Stefanski called Massimino. He wanted to go with him.

"I had a very strong emotional tie to Rollie," Stefanski said. "But he said: 'Ed, this would blow [up] the Big Five. People would go crazy.' Maybe I could have helped him right away, but Rollie said: 'You are at Penn. You're going to the best business school in the country.' "

Stefanski said he was still friends with Massimino because of that advice, calling his initial interest in transferring to Villanova "an emotional decision."

"The Wharton School, especially if you're going to stay in Philadelphia, the network is strong," Stefanski said. "You talk about other places, and they'll say the North Carolina connection or a Duke connection. Well, in Philly, it's a Penn connection. It's strong."

That goes back to working in the summer for horseman Bob Levy, he said. That friendship has remained strong, Stefanski said, and included dabbling in the horse business. Stefanski was a minority owner of Levy's Bet Twice, the 1987 Belmont Stakes winner.

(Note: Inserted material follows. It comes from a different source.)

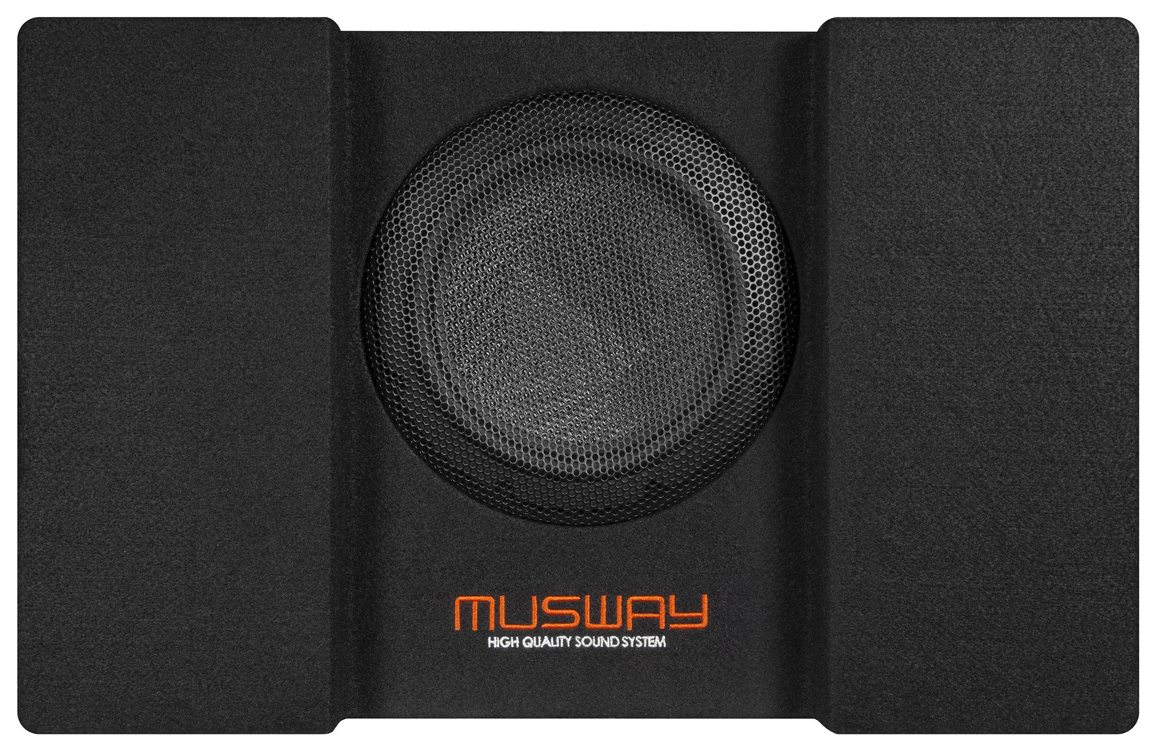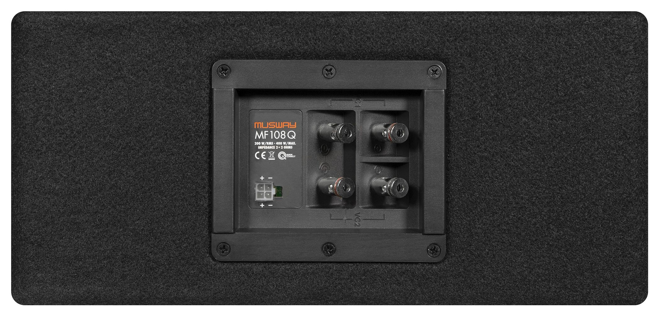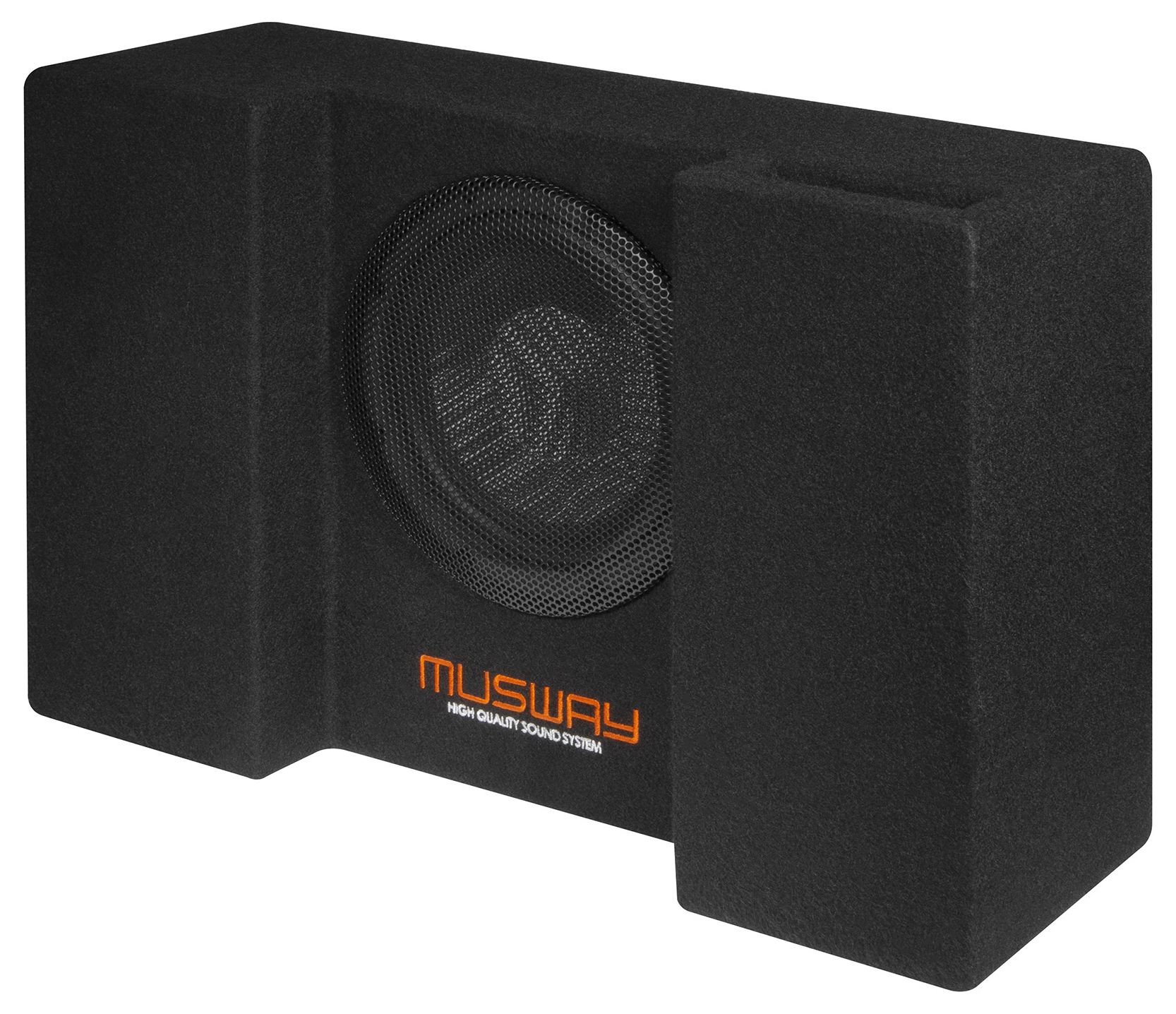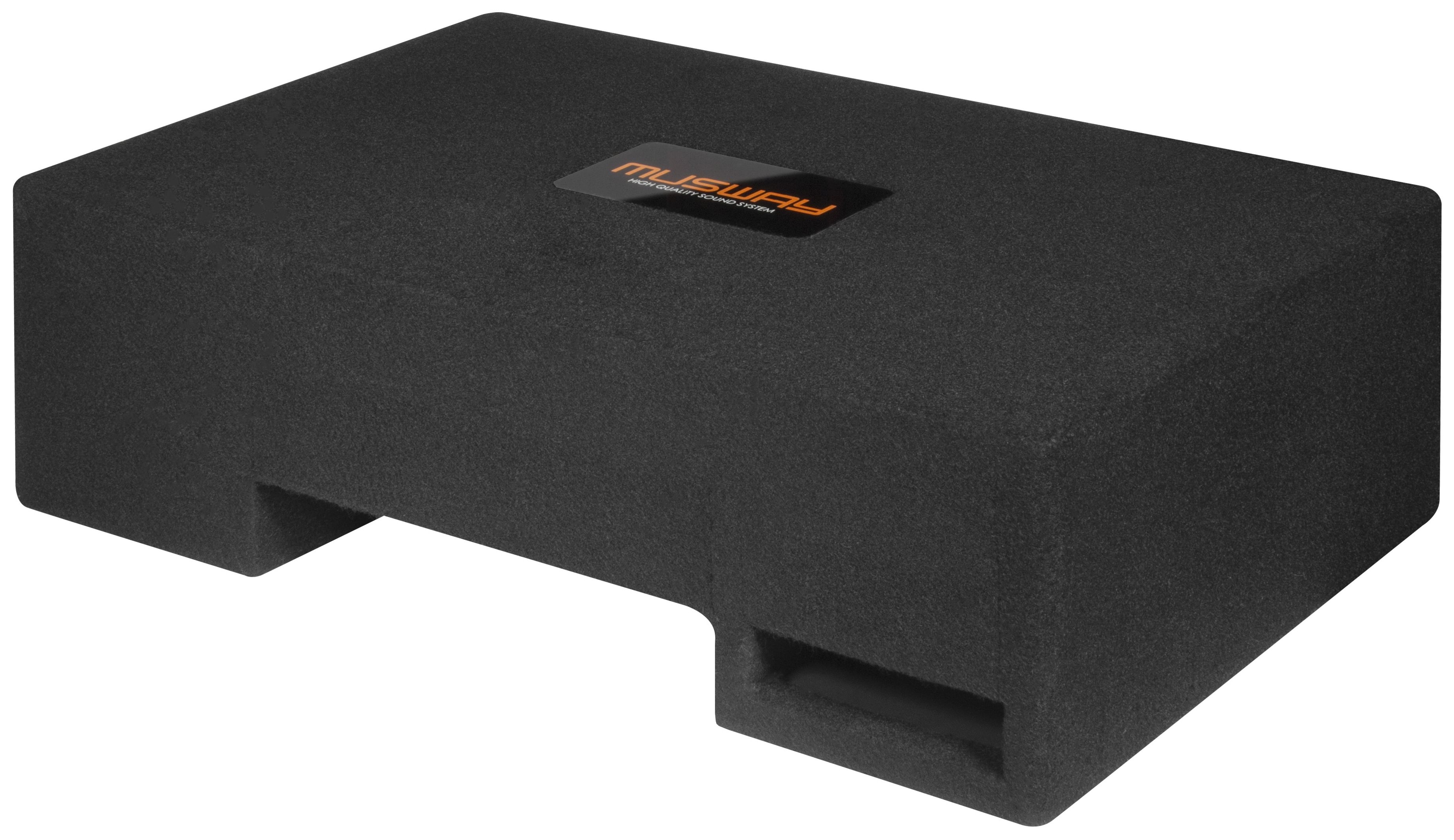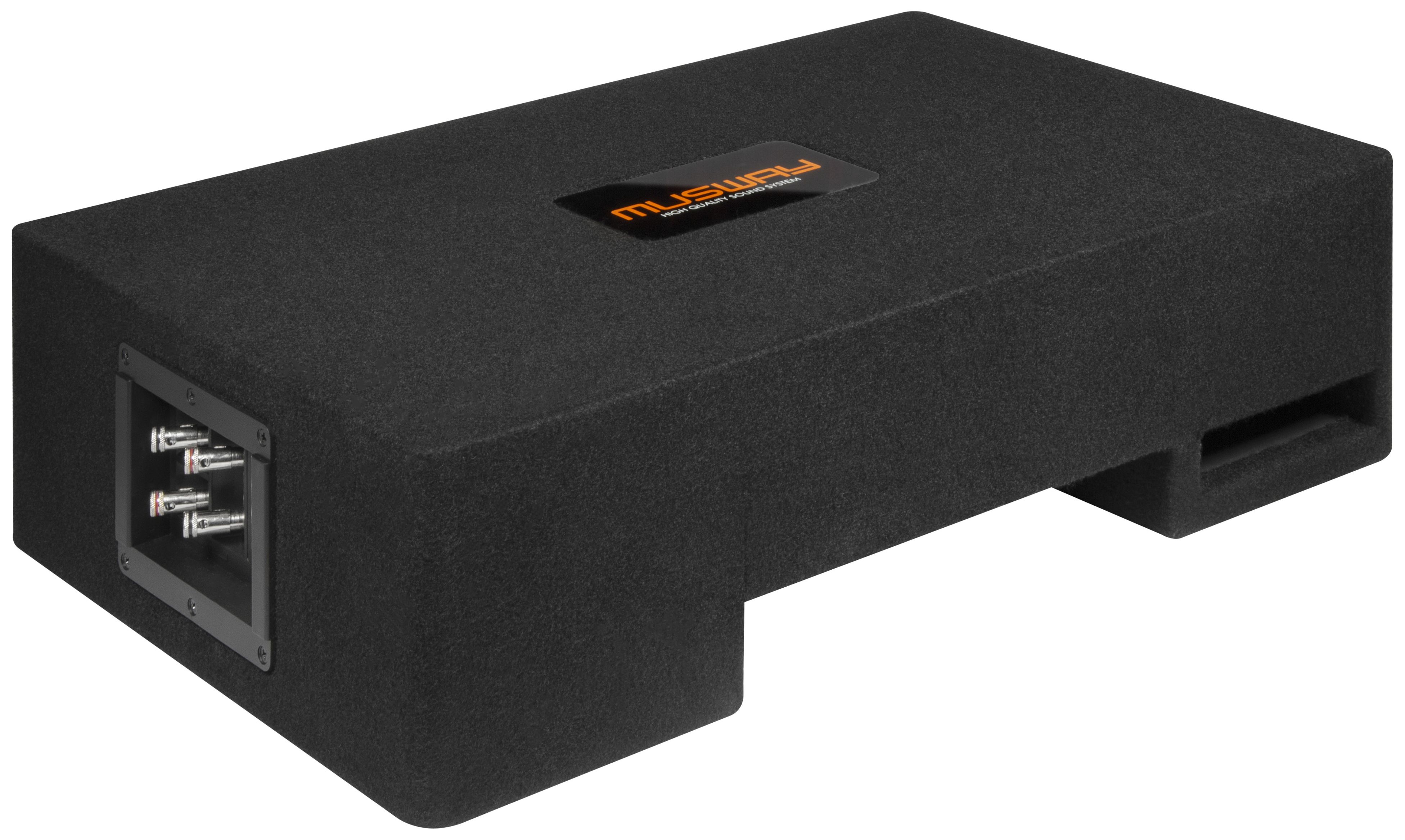 Die stabil konstruierten MDF-Gehäuse sind mit hochwertigem schwarzem Teppich bezogen und fügen sich harmonisch und dezent in jedes Fahrzeuginterieur ein. Weiterhin sind ohne Ausnahme alle Modelle mit Quick Connect Anschlussbuchsen ausgestattet und können blitzschnell per optionalem Anschlusskabel beispielsweise an die MUSWAY M6 und deren Quick Connect Terminal angeschlossen werden. Selbstverständlich können die MUSWAY Subwoofer-Systeme auch konventionell an herkömmliche Push-Pin Terminals angeschlossen werden.

These days, Stefanski is a go-to guy for others seeking advice. Dunphy said he had sought Stefanski's counsel on any number of subjects.

"Absolutely, no question about it," said Dunphy, who attended Stefanski's introductory news conference. "He'd always give you a thoughtful response."

Although he wasn't working full-time in basketball, Stefanski was a TV commentator working Big Five games for Prism and later worked as the analyst for the Atlantic Ten's TV package.

Stefanski jokes about the highlight of his own basketball career being in fifth grade. He was, in fact, a Drexel Hill legend. The big CYO game his eighth-grade year was St. Bernadette's against St. Andrew's. Stefanski may not remember this, but others do: He had 29 of 33 St. Bernie's points.

At Penn, he was a reserve, part of two Ivy League championship teams. He scored two points in each of two NCAA tournament games.